The garden is set up in a grid, but planted so profusely it hardly mattered. The diversity of plants also made it a classroom for visitors, a place to get schooled in plants and gardening in the South. People came not just to enjoy, but to learn.

And then, after decades, it was time to move on. This is when serendipity took over. Lawrence, in declining health, moved to Maryland to be near a niece. Her property was sold, then sold again three years later to Mary Lindemann (“Lindie”) Wilson, without much knowledge of the significance of the property or its earlier owner.

Not long after, famous gardeners from other parts of the world began ringing her bell to visit, including Christopher Lloyd of Great Dixter! It didn’t take long for Wilson to figure out she had something special, and she dedicated her life to maintaining the garden and its plants. Ultimately those efforts led to the Garden Conservancy who helped put together a preservation plan and provides ongoing resources to keep the garden a Lawrence-inspired laboratory of plants for Southern gardens.

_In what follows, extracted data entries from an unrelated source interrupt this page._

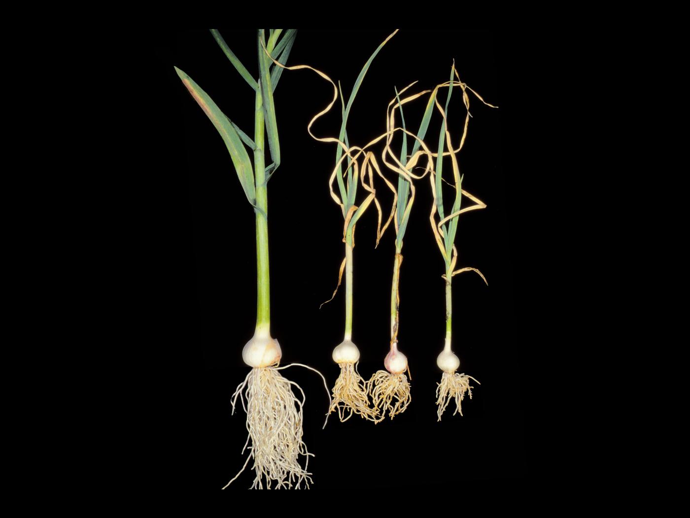 Racine : inhibition de l'élongation des racines engendrant le développement d'un système racinaire court, rabougri, cassant et ayant l'aspect d'un buisson. Les racines sont parfois jaunes à brunes.
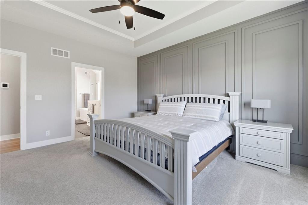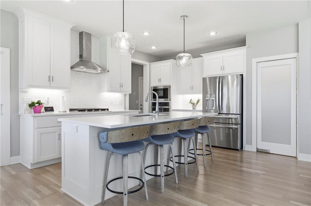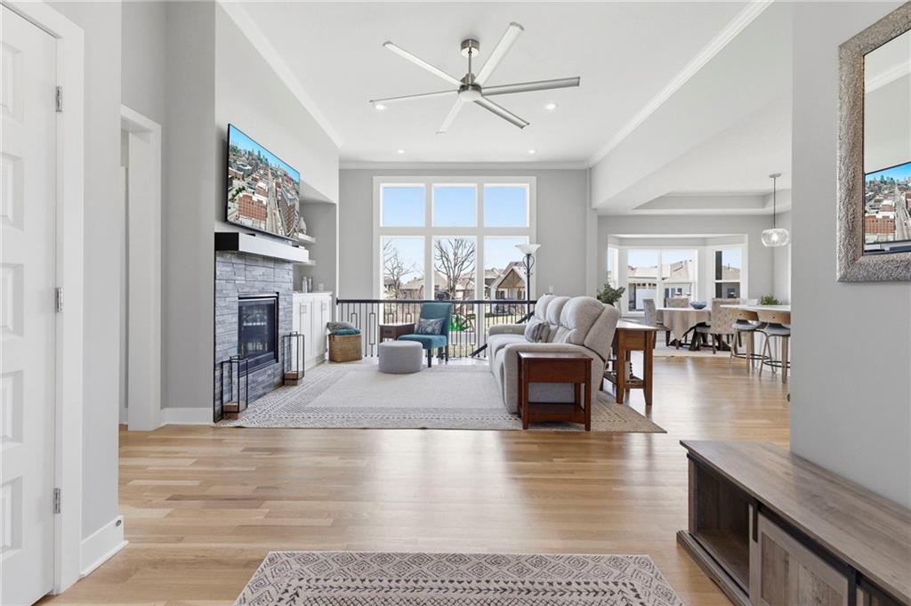 Unicorn alert! MULTI-GEN ON GREENBELT! Boulder Hills fully finished walkout lower level built for multi-generational living, backing to a gallery forest greenbelt, loaded with seller upgrades, and Timber Sage Elementary right out your front door. Separate quarters downstairs means parents, adult kids, or long-term guests get their own world: two bedrooms, full bath, 7-ft wet bar, and private walkout entrance. Upstairs, the main level delivers a dramatic stone fireplace, wall of windows framing the trees, quartz kitchen island, screened deck, and a main floor primary suite with soaking tub and double vanities. Seller upgrades that set this apart: epoxy garage floors, garage sink, second opener, built-in shelving & workbench, extended deck with backyard steps, active radon mitigation, and metal fencing with 3 gates. Boulder Hills amenities include clubhouse, party room, pickleball, putting green, pool, playground and trails, all anchored by one of the best greenbelt lots in the subdivision. Impeccably maintained. Truly move-in ready. Greenbelt lots with this layout and these upgrades do not come up twice. Information deemed reliable but not guaranteed. Buyer to verify all information.
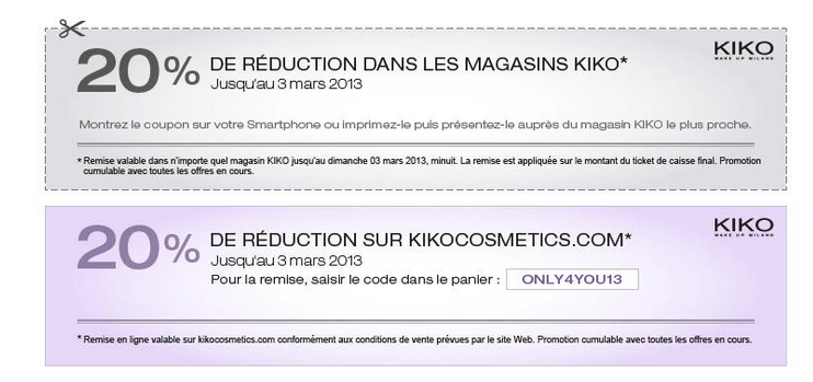 Du 22 février au 03 mars, présentez en magasin le Coupon que vous trouvez ci-dessous et recevez une réduction immédiate sur tous les produits KIKO y compris sur les éditions limitées et sur les articles déjà en promotion.
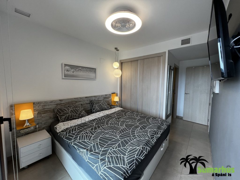 Hjónherbergið er með hjónarúmi og góðum fataskápum og innangent er inná baðherbergi sem er með sturtu. Einnig er gott sjónvarp uppá vegg í hjónaherberginu.
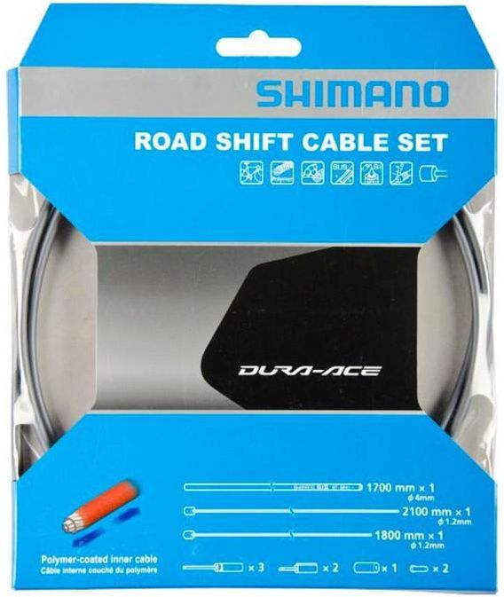 Shimano OT-SP41 Polymer pancerze i linki przerzutek R9100 + R8000 szare The secret of the Shimano OT-SP41 Polymer Shift Cable Set is polymer coating that when viewed under a microscope looks like a series of tubes wrapped around the cable. This means less surface area rubbing the internal housing liner and it holds grease longer. Features - OT-SP41 Polymer Shift Cable Set for Dura Ace R9100 and Ultegra R8000 Polymer coating Polymer coated inner cables reduce the sliding resistance to achieve lighter and quick operation Anti-rust Stainless steel cable for anti-rust protection Low friction Cables are formed with curved surface for low friction Mud resistance Sealed end caps to minimize mud contamination Silicone grease SIS SP41 is pre-lubricated with a special silicone grease for light-action shifting Produkteigenschaften Use: Road Group: Dura Ace, Ultegra Gear wire diameter: 1.2mm Gear wire lengths: 1800mm / 2100mm Gear cable diamter: 4mm Gear cable length: 1700mm Color Gear Cable grey Material Gear wire: Stainless steel, Polymer Scope of delivery 1 x Polymer inner cable 1.2mm x 1800mm 1 x Polymer inner cable 1.2mm x 2100mm 1 x OT-SP41 outer casing 4mm x 1700mm 2 x Outer cap with short tongue 3 x Outer cap with long tongue 1 x Sealed outer cap for Rear Derailleur 2 x Inner end cap 1 x Cover with tongue for rear derailleur Artykuł nr: 56074 EAN: 4524667317159
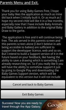 The app is free and supported by unobtrusive ads which will never appear in the main screen your baby will be interacting with as the ad is only shown on the Parent Menu and Exit screen, protected by a code.
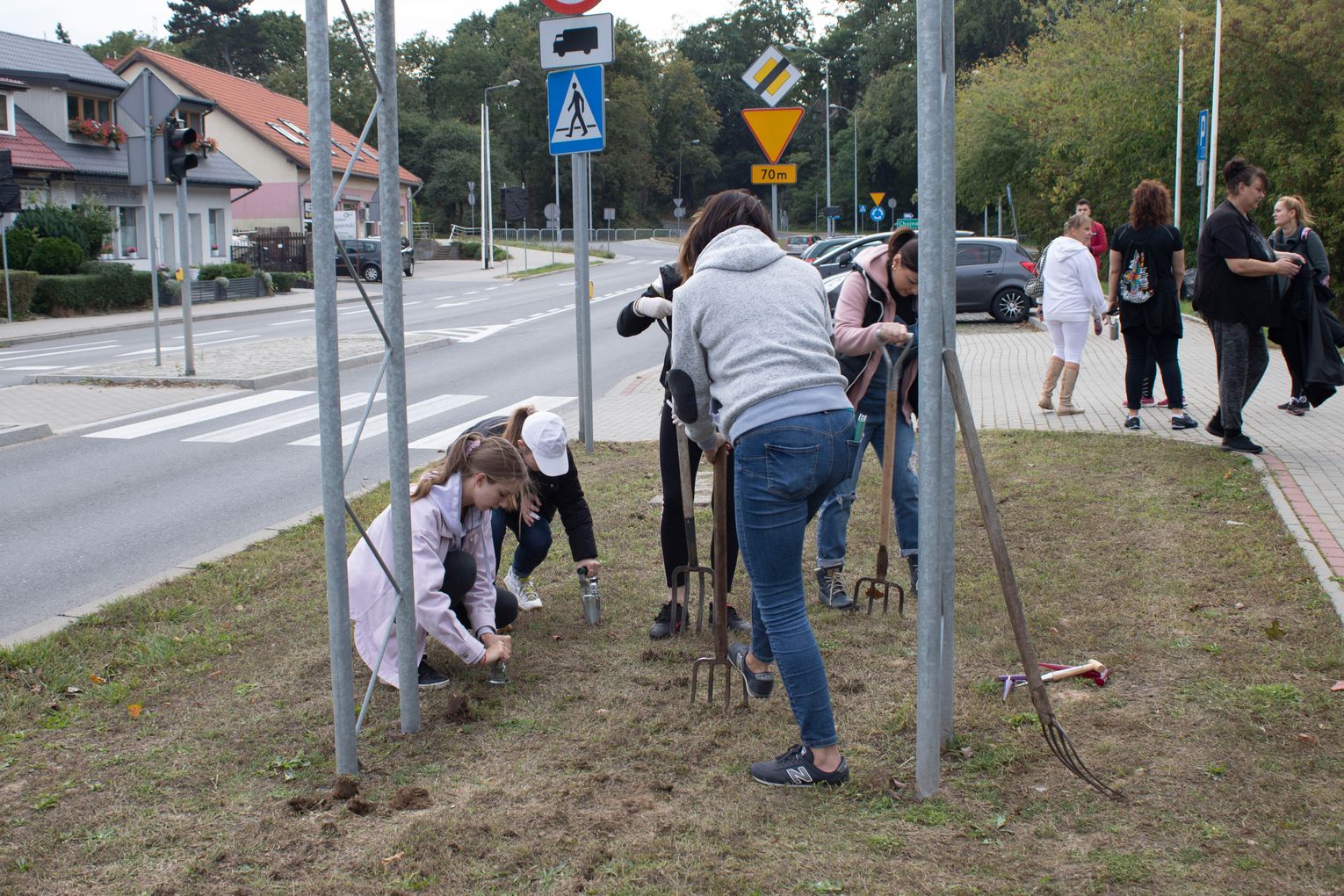 W międzyczasie druga część naszej drużyny rozpoczęła przygotowania podłoża do nasadzeń. W ruch poszły szpadle, widły, wszelki sadzarki i automaty do plantowania.
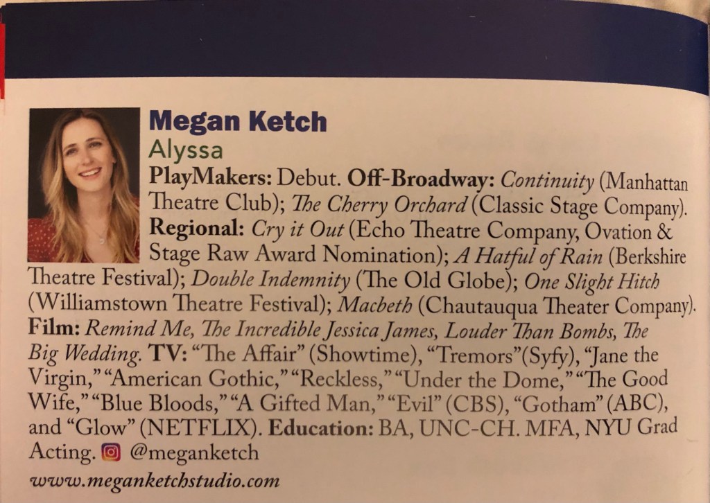 After UNC Megan moved to NYC and went to NYU for a masters in acting. Staring in NY based TV shows and movies and plays on the East coast for a few years. Eventually Megan made the move to LA and marrying her British actor heartthrob husband Max and having their own sweet baby. So having her back in North Carolina for this production is a huge treat.
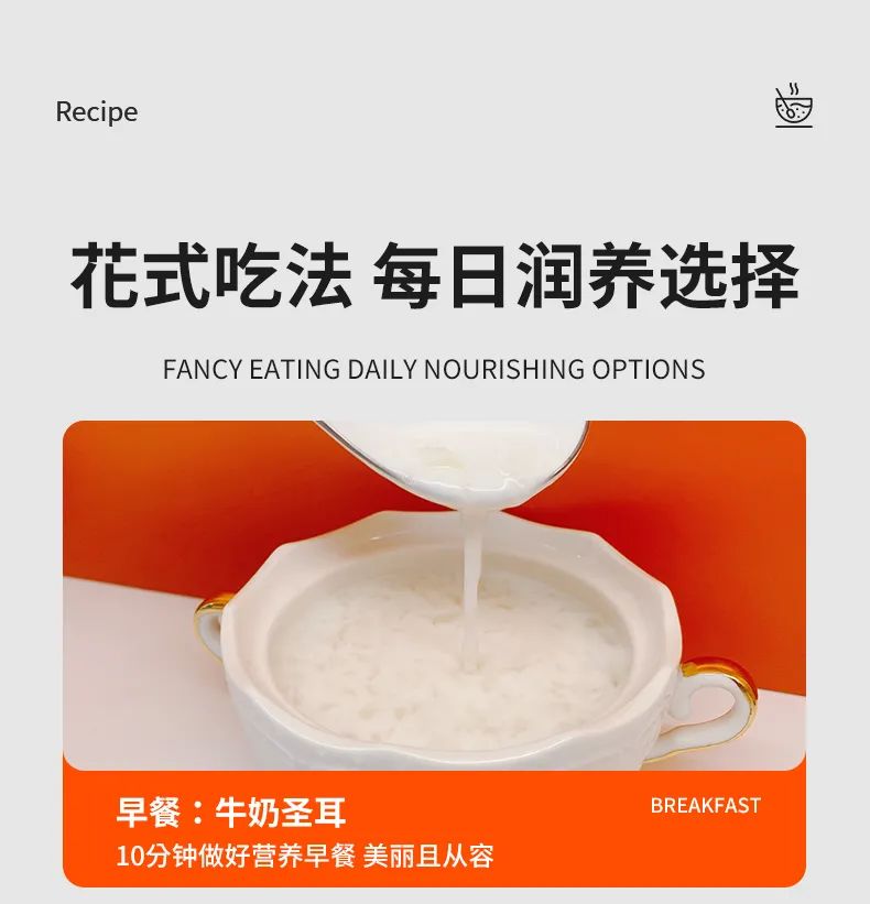 比如你早上起床先焖上,之后再去洗漱,收拾完时间刚刚好。出门前吃上一口软糯鲜香的银耳羹,一整天都是元气满满的。
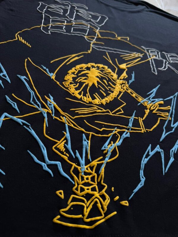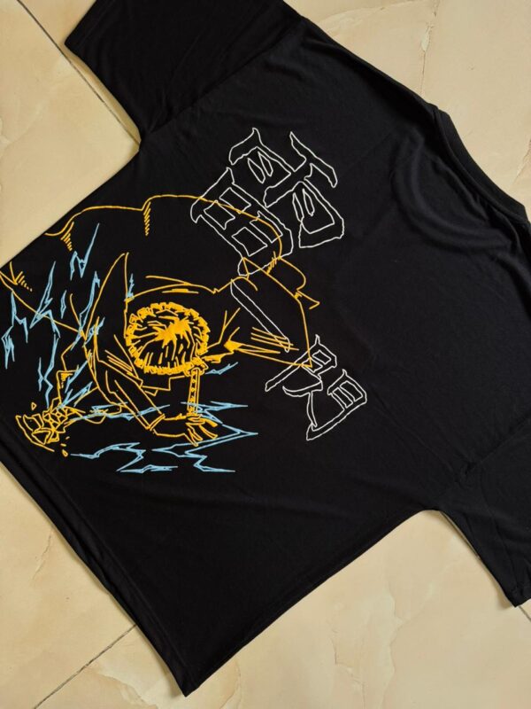 Inspired by the Thunder Breather who strikes faster than the eye can follow this oversized drop-shoulder tee crackles with energy The bold golden yellow base is cut from heavyweight 100% cotton built for comfort and durability while carrying that unmistakable flash of Zenitsu’s spirit The back puff print channels his lightning-fast form while the front embroidery keeps it subtle until the storm hits The relaxed drape makes it perfect for laid-back days or sudden bursts of action when the moment calls
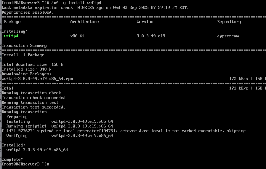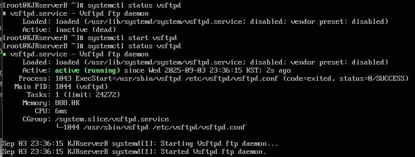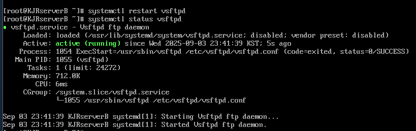 Server(B) (FTP 서버)에서 vsftpd 재시작
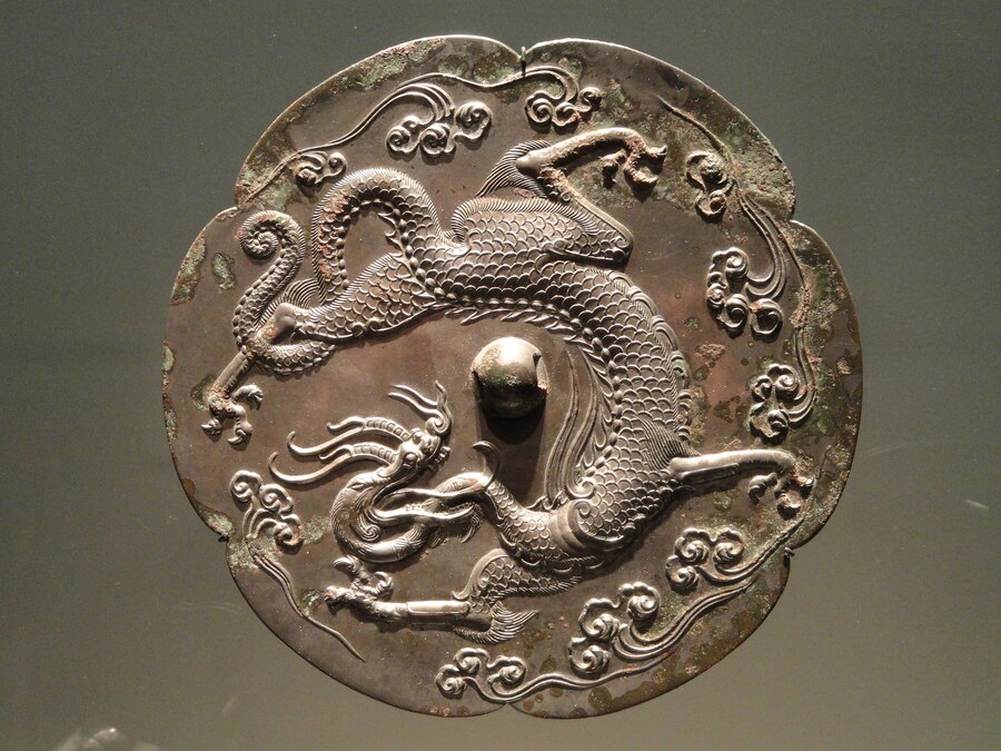 Идущий дракон из позолоченной бронзы период Чжаньго. Зеркала периода Тан.
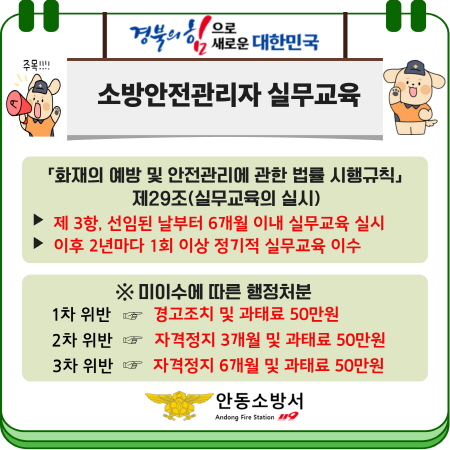 이에 따라 안동소방서와 한국소방안전원에서는 소방안전관리자의 실무교육 이수를 독려하기 위해 교육일자 도래 시 문자, 등기우편, 유선 등을 통한 안내를 정기적으로 실시하고 있다.

Purchased by the Wing Haven Foundation in 2008, the property is now protected by a conservation easement held by the Garden Conservancy and has its own curator. It is a ‘rehabilitation’ project rather than a restoration. It is managed to meet changing conditions while retaining the properties historic character, not as a snapshot in time. Part of that character is the garden’s continually evolving plant palette and planting scheme. “You have not seen my garden...,” Lawrence is quoted as replying to a guest excited to tell her friends about her visit, “you have only seen it today.”

Everybody wins...and Elizabeth would be happy.